Task input Start Marker

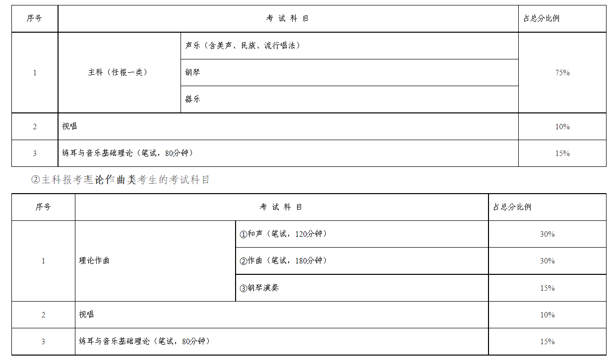 音乐类专业考试成绩总分为300分,具体考试科目根据主科所报类别的不同,分为两种类型:
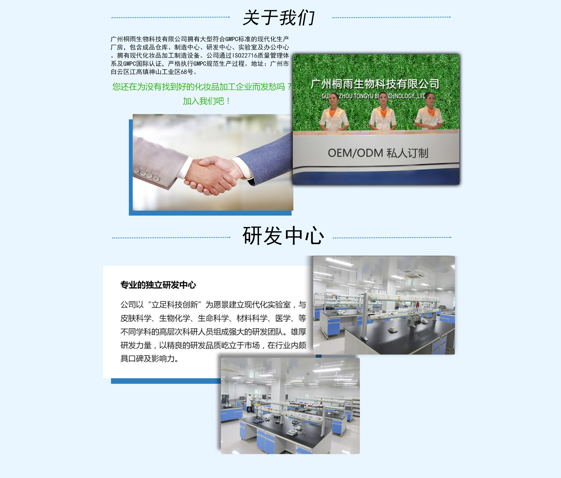 本公司集研發(fā)、生產、銷售一體化的企業(yè);自主品牌的生產與銷售;同時承接品牌商產品代加工服務。工廠車間環(huán)境:10萬級GMP無塵車間;可生產的產品:口腔用品、護膚、養(yǎng)生、精油、面膜、水、乳液、精華、膏霜、眼部產品、彩妝、洗發(fā)水、沐浴露、護發(fā)品及嬰幼兒產品等等!起定量靈活、交貨期快、生產能力擁有大噸位的真空乳化鍋多個;可承接大批量的產品生產。
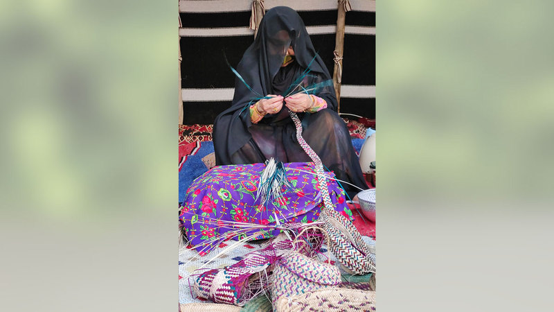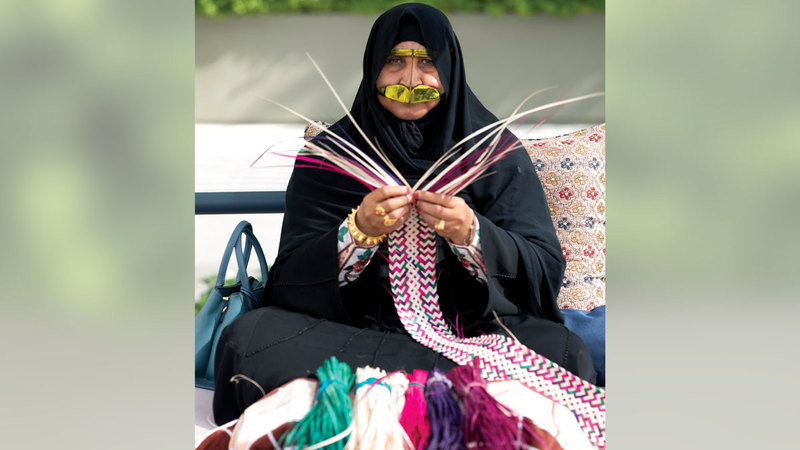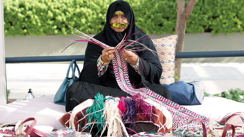 • «أم محمد» وغيرها من سفيرات التراث الإماراتي، يصنعن أنواعاً عدة من المشغولات اليدوية التراثية، مثل: «التلي، والحنة، والدعون، والسعفة».
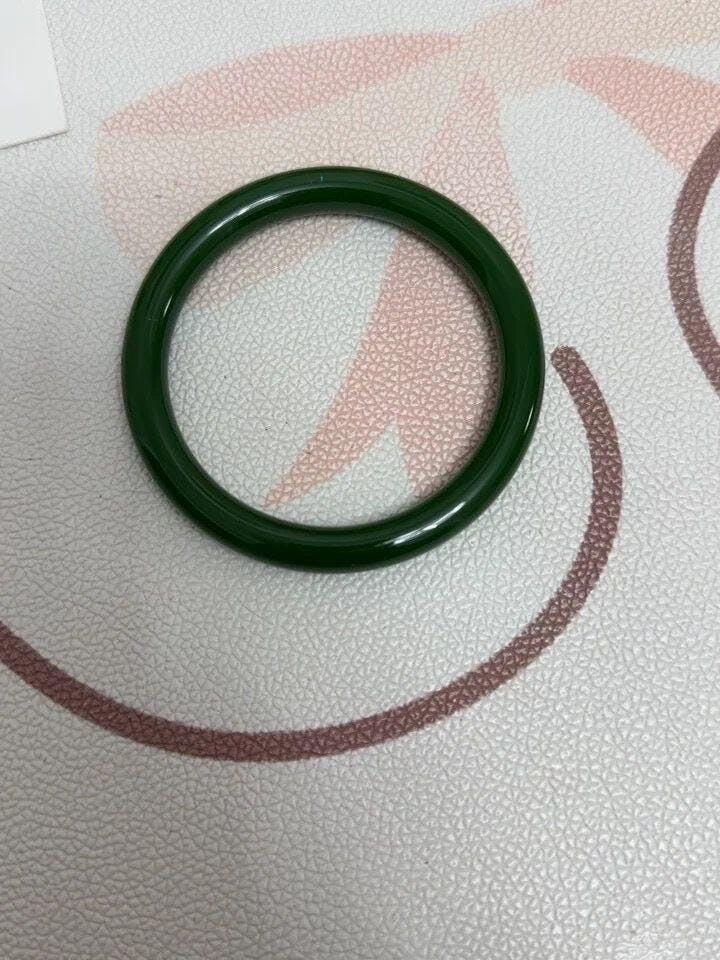Meet the Forest Zenith: This isn't just green; this is the Zenith —the deepest, most saturated green found in nature's heart. This stunning Jadeite boasts a rich, uniform color and an incredible, mirror-like luster that rivals the finest emeralds. Its pure, vibrant hue is a classic symbol of wealth, prosperity, and everlasting vitality. The substantial feel of this bangle makes it a true heirloom piece.
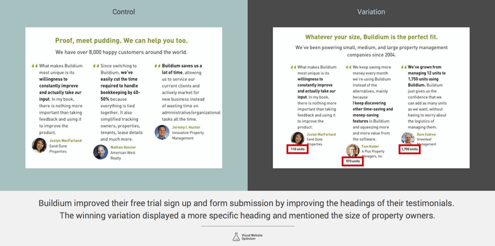 Um estudo de caso da VWO mostrou que usar depoimentos de clientes direcionados aumentou significativamente as conversões da Buildium, uma empresa de software de gerenciamento de propriedades.
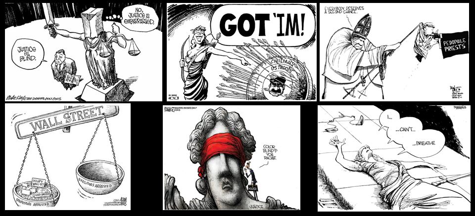On both sides of the Atlantic, lawmakers have been shown to be breaking and stretching the law. Bill Clinton managed to mangle the very definition of what a legal lie is. The Gulf War raised many challenges to concepts of international justice, e.g. the American Government claimed that lacunae or gaps-in-law amount to the non-prohibition of an action, therefore not making certain behaviour illegal. English MP’s and law lords were shown to be stealing from the public purse through their expensive claims. There is the lasting public perception of the increased tensions between the 1% and the rest of us, exasperated by the lack of criminal charges against individuals for the GFC. In the religious domain, the Catholic Church has been criticised for its criminal handling of child abuse by ‘one in 50’ of its priests. More recently, maybe not that surprising to the citizens of many nations, shadowy government departments have been illegally surveilling each other and their own citizens. In fact, it’s almost too easy to find examples where the law has been ‘broken’ though exigent circumstances or fuzzy loop holes. It’s almost expected that some new political neologism will obfuscate behaviour that previously would have been unsanctioned. All of this is cumulatively creating an impression that injustice balances out justice; where Justice should balance out the law and criminality.

Task input End Marker

** Action item **
Your task is to repeat the opening line of the entries above and each line after it, ending with the line that has "وغيرها من سفيرات". Do not include the pictures.

** Answer to this problem **
 音乐类专业考试成绩总分为300分,具体考试科目根据主科所报类别的不同,分为两种类型:
 本公司集研發(fā)、生產、銷售一體化的企業(yè);自主品牌的生產與銷售;同時承接品牌商產品代加工服務。工廠車間環(huán)境:10萬級GMP無塵車間;可生產的產品:口腔用品、護膚、養(yǎng)生、精油、面膜、水、乳液、精華、膏霜、眼部產品、彩妝、洗發(fā)水、沐浴露、護發(fā)品及嬰幼兒產品等等!起定量靈活、交貨期快、生產能力擁有大噸位的真空乳化鍋多個;可承接大批量的產品生產。
 • «أم محمد» وغيرها من سفيرات التراث الإماراتي، يصنعن أنواعاً عدة من المشغولات اليدوية التراثية، مثل: «التلي، والحنة، والدعون، والسعفة».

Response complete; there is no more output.